A caveat: I don't change tables promiscuously. I switch when I think something is seriously wrong with the table I'm at. For my style of play, I'd rather sit in the same place all night if I can, because then I can pick up the table's vibe, so to speak. I get a sense of everyone's story for the evening. So I know, for example, that the woman in seat 4 is a gym teacher, that certain cretinous players at the table have been insinuating that she's a lesbian, that she's lost several big hands in a row and is now into her second rack. I need to have all that information so I can get a sense of where her head is when she throws in her chips. Or I note that the 25-year old Chinese guy in the expensive clothes (who everyone says is a drug dealer) hasn't lost a pot in an hour, has a huge stack of chips, and has shown down some utterly trashy hands. If I'm new to the table, I'm lacking this information, and I might lay down a hand I should have called with or vice versa.
Welcome to Shangri-La
So you're now at the table where people are actually having fun and your edge is greater. But there is a fresh danger in moving to the table where people are gambling -- it's a little like going directly from a funeral to a wedding. You've got to be able to and want to make the adjustment; your hand valuations will have to change and you must be prepared for the fact that the stakes you have been playing for have effectively gone up due to the extra action. (And if by chance you're just a grinder, then the Happy People Table will only upset you with their boisterous laughter and fiendishly incorrect play. You should remain in your garden with the other rocks.)

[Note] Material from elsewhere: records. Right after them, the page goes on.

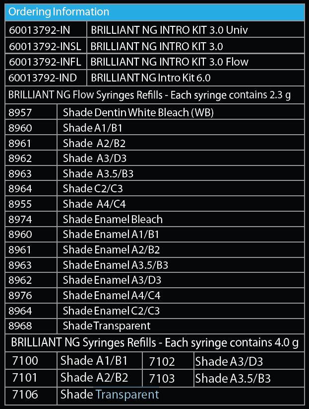 simplifying the selection of colour and inventory of syringes. Owing to its optimized particle distribution, BRILLIANT NG is indicated both for the anterior
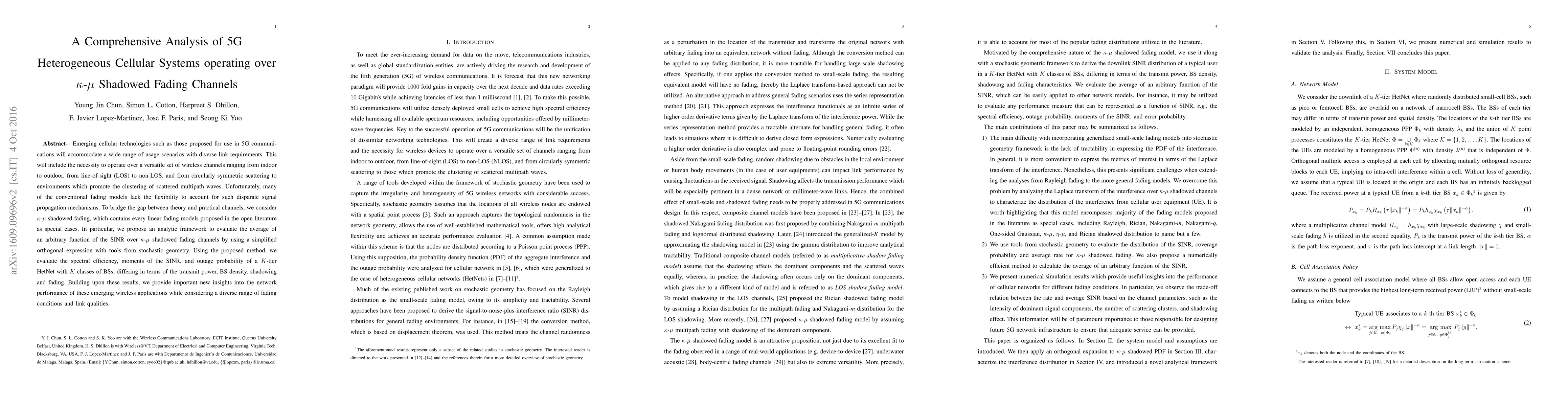 Emerging cellular technologies such as those proposed for use in 5G communications will accommodate a wide range of usage scenarios with diverse link requirements. This will include the necessity to operate over a versatile set of wireless channels ranging from indoor to outdoor, from line-of-sight (LOS) to non-LOS, and from circularly symmetric scattering to environments which promote the clustering of scattered multipath waves. Unfortunately, many of the conventional fading models adopted in the literature to develop network models lack the flexibility to account for such disparate signal propagation mechanisms. To bridge the gap between theory and practical channels, we consider $\kappa$-$\mu$ shadowed fading, which contains as special cases, the majority of the linear fading models proposed in the open literature, including Rayleigh, Rician, Nakagami-m, Nakagami-q, One-sided Gaussian, $\kappa$-$\mu$, $\eta$-$\mu$, and Rician shadowed to name but a few. In particular, we apply an orthogonal expansion to represent the $\kappa$-$\mu$ shadowed fading distribution as a simplified series expression. Then using the series expressions with stochastic geometry, we propose an analytic framework to evaluate the average of an arbitrary function of the SINR over $\kappa$-$\mu$ shadowed fading channels. Using the proposed method, we evaluate the spectral efficiency, moments of the SINR, bit error probability and outage probability of a $K$-tier HetNet with $K$ classes of BSs, differing in terms of the transmit power, BS density, shadowing characteristics and small-scale fading. Building upon these results, we provide important new insights into the network performance of these emerging wireless applications while considering a diverse range of fading conditions and link qualities.
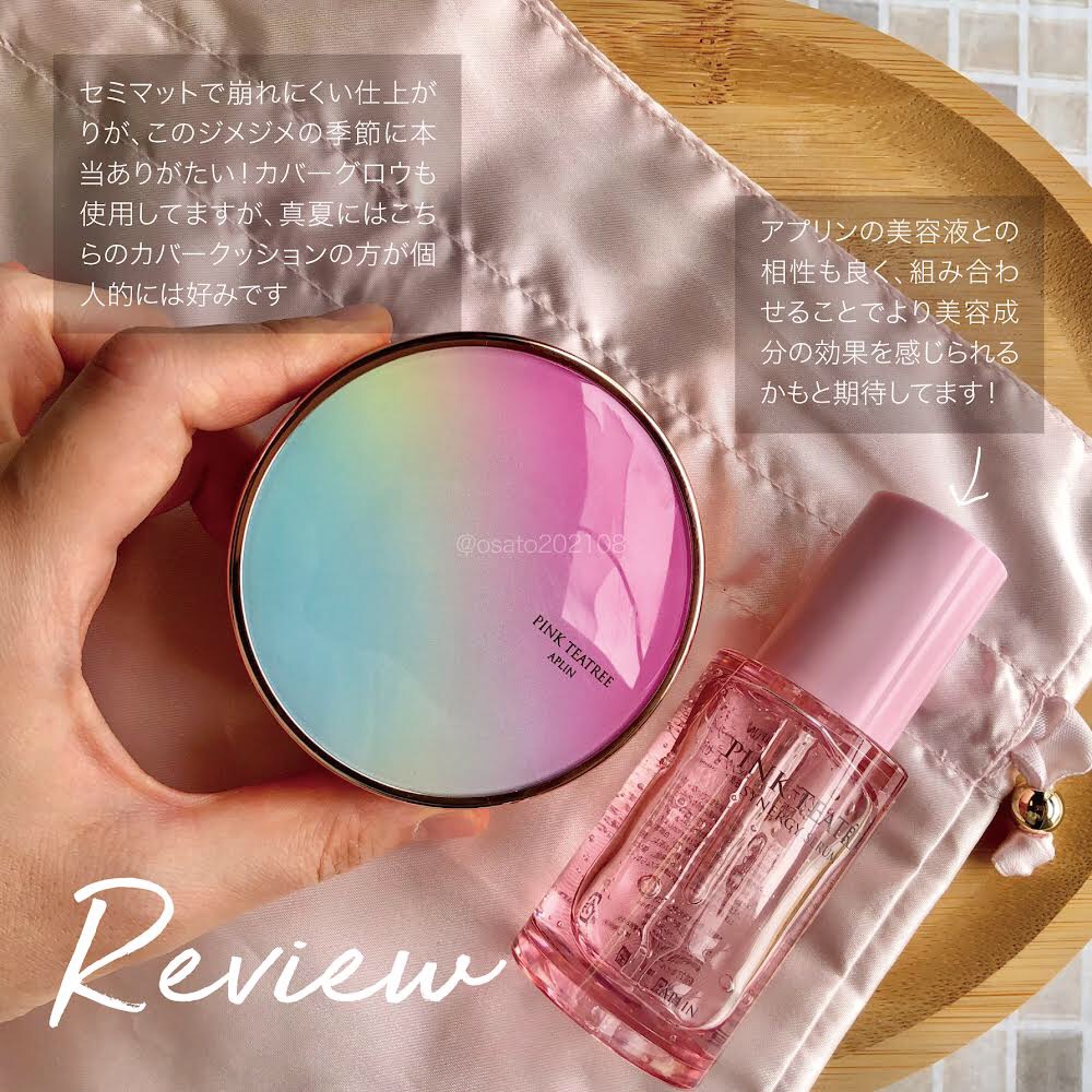 APLIN ピンクティーツリーカバークッション 21号ライトベージュ 2,490円(税込) 少量でよく伸びてハイカバー! 赤みやくすみをしっかりカバ一できるのに、厚塗り感のないなめらかな仕上がり♡ ハイカバーなのにナチュラルなツヤ感とサラッとしつつ、乾燥崩れしにくい仕上がりに感動します!!
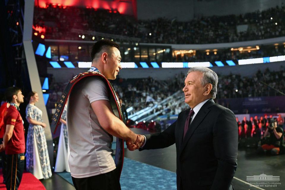 Президент Шавкат Мирзиёев «Humo Arena» спорт саройига ташриф буюриб, бокс бўйича жаҳон чемпионатини томоша қилди.
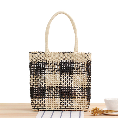 Сумка тоут соломенная плетеная в мелкую клетку
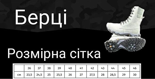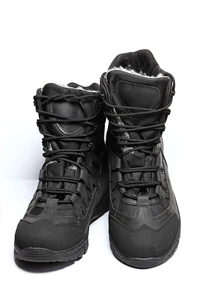 Берці берци зима чорні на хутрі з посиленим носком і пятою.Розмірний ряд 40-46. Поверхня взуття виготовлена з високоякісної міцної шкіри crazy horse і вставок кордури (має вологостійкі властивості) -шви виготовлені надійним способом, проходять гідрофобну обробку; шнурки з міцного нейлона (не протираються), чітко фіксують ногу і не тиснуть а неї при ходьбі. Внутрішня частина взуття виготовлена з вовни, температурний режим до -20. Зносостійка ТЕП підошва.

If your new crowd is aggressive, you're going to need to see just how crazy people are getting and loosen up enough so that you're playing more hands than you normally would, but not so much that you're too much of a dog versus, say, five or six opponents pre-flop. Of course, you have to know when to stop muscling your table, and you have to have the temperament for creating action to even begin this process.
In the end, you should be at a table where you're comfortable and where you feel you have the best of it. Playing poker is all about finding ways to win that your opponents can't or won't. Table selection is only part of that, but sometimes it can be the most important single decision you'll make in a night.